Mazhar-Ul-Haque Khan

Personal information
- Nationality: Pakistani
- Born: 23 February 1923 Bareilly, Uttar Pradesh, India
- Died: 15 February 1997 (aged 73)

Sport
- Sport: Track and field
- Event: 110 metres hurdles

= Mazhar-Ul-Haque Khan =

Pakistani hurdler (1923–1997)

Mazhar-Ul-Haque Khan (23 February 1923 - 15 February 1997) was a Pakistani hurdler. He competed in the men's 110 metres hurdles at the 1948 Summer Olympics.

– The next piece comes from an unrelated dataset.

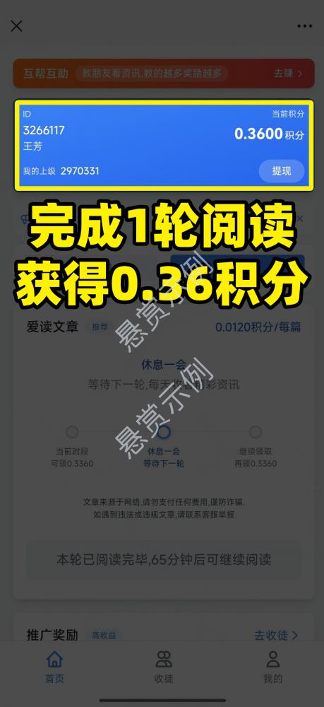 完成1轮阅读 获得0.36积分 截图 (限制注册时间须和报名时间为同一天 不是的不合格)
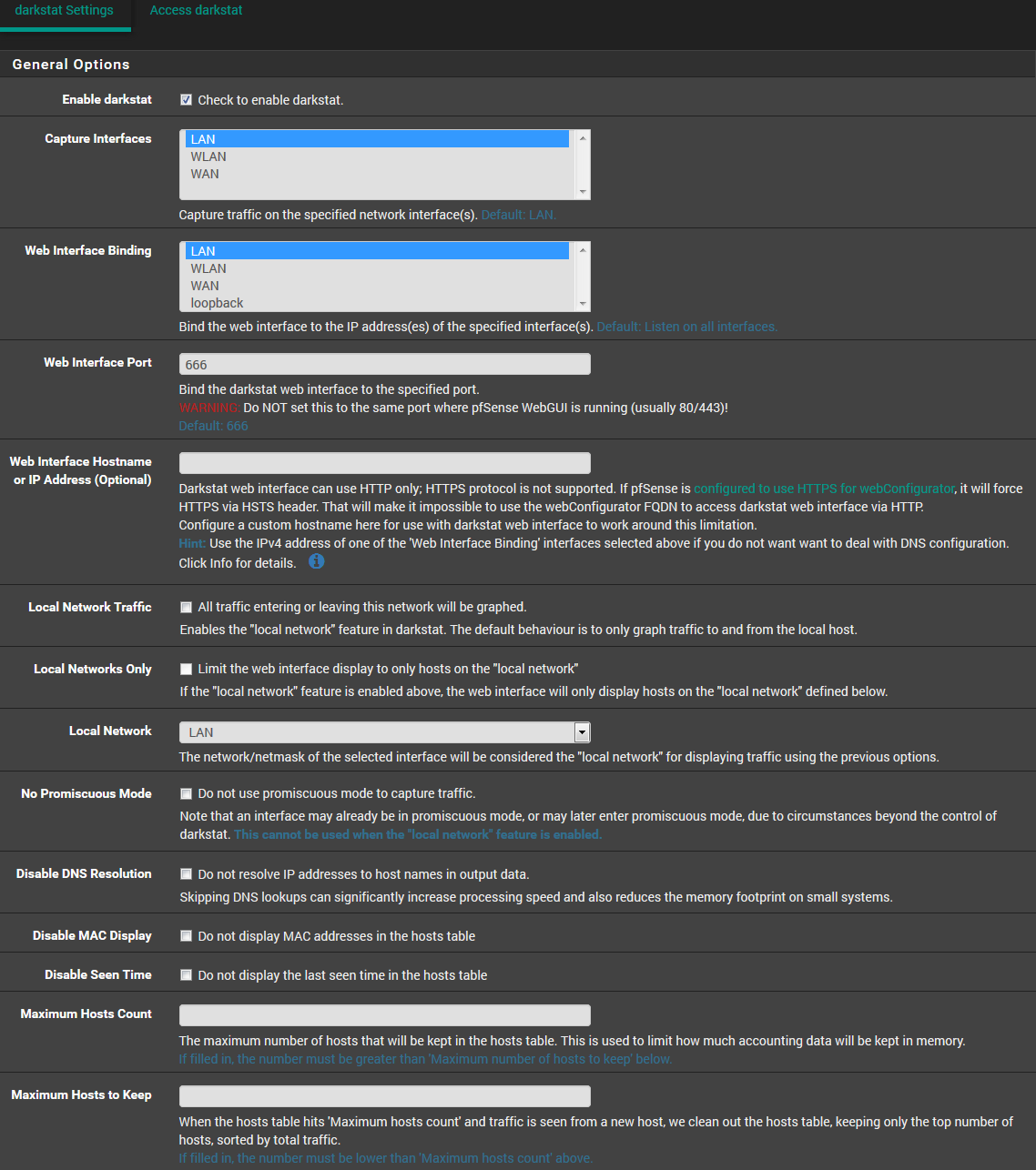 Als eerste zijn de Capture interfaces in te stellen. Dit zijn dus de netwerk interfaces waarop darkstat luistert naar verkeer. Standaard staat het ingesteld op LAN. Ik vond dat een beetje vreemd, omdat je dan ook al het interne verkeer ziet, tenminste voor zover het aankomt bij pfSense. Voordeel is wel dat je niet alle port scans als data verkeer ziet. Het is me namelijk niet helemaal duidelijk of hij voor of na de firewall filters meet. Als je wilt kun meerdere interfaces selecteren waarop geluisterd wordt. Dat is ook wat gedaan wordt op andere darkstat configuraties (buiten pfSense) die ik vond.

Khan was an admirer of British hurdler Donald Finlay, who was the 1936 Olympic silver medalist in the 110 m hurdles. After the 1948 Games, Ul-Haq Khan stayed in London and sought to break Finlay's records. He later worked in the cipher department at the Pakistan House in London. Splitting 15 seconds, he set a Pakistani national record in the 110 m hurdles.

Khan trained under Finlay's old coach Bill Thomas. He was a member of the Herne Hill Harriers and trained in Tooting Bec when not with the club. Thomas said that Khan had a "good chance" of lowering the British record in the 120 yards hurdles, which at the time was 14.7 seconds held by Finlay.

Khan sought selection to the English team at the 1950 British Empire Games (later called the Commonwealth Games), which Pakistan was not represented at. However, he was ultimately not given a birth and did not compete at the 1952 Olympic Games.

Khan died in London on 15 February 1997, aged 73.